The invention also provides a multi-step channel water level prediction device based on the echo algorithm, which comprises:
the data set acquisition unit is used for acquiring a water level data set of the channel water level station recorded in a preset time period;
the model building unit is used for building and training a weighted error output cyclic echo kernel state network based on the water level data set obtained by the data set obtaining unit; the weighted error output cyclic echo kernel state network is formed by constructing a kernel storage state by connecting an input layer and a hidden layer by using a Gaussian kernel method on the basis of an echo state network, and single-step prediction of channel water level is performed by using the echo kernel state network to obtain a predicted value of each step; carrying out multi-step prediction on the channel water level by using a weighted error output circulation multi-step algorithm; the weighted error output circulation multi-step algorithm calculates a weight system of the current state by using the prediction error and the weighting coefficient of the last state, and updates the output weight of the current state;
the characteristic obtaining unit to be tested is used for obtaining characteristic data of the channel water level station to be predicted;
the prediction unit is used for outputting a cyclic echo kernel state network to perform multi-step channel water level prediction by utilizing the weighted error trained by the model construction unit based on the characteristic data of the channel water level station to be predicted acquired by the characteristic acquisition unit to be detected, so as to obtain a water level prediction result of the channel water level station.
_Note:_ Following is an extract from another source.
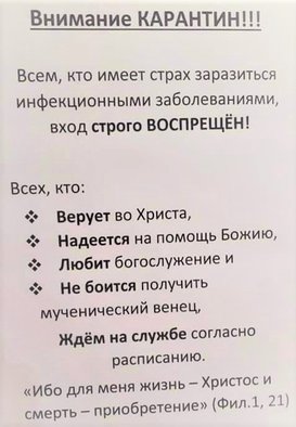 «Мои дорогие! Я призываю вас не поддаваться панике! 7 марта я была у о. Илия (8 марта - день рождения старца) и задала ему вопрос про коронавирус. Он очень спокойно ответил, что это все ерунда, надо быть с Богом, и тогда ничего не страшно, не надо бояться этого вируса. Это экономическая война, бесовские пули и бес паники.

Since the echo algorithm-based multi-step channel water level prediction device according to the embodiment of the present invention corresponds to the echo algorithm-based multi-step channel water level prediction method in the above embodiment, the description is relatively simple, and regarding the similarity, please refer to the description of the echo algorithm-based multi-step channel water level prediction device in the above embodiment, which will not be described in detail herein.
The embodiment of the invention also discloses a computer readable storage medium, wherein a computer instruction set is stored in the computer readable storage medium, and when the computer instruction set is executed by a processor, the multi-step channel water level prediction method based on the echo algorithm provided in any embodiment is realized.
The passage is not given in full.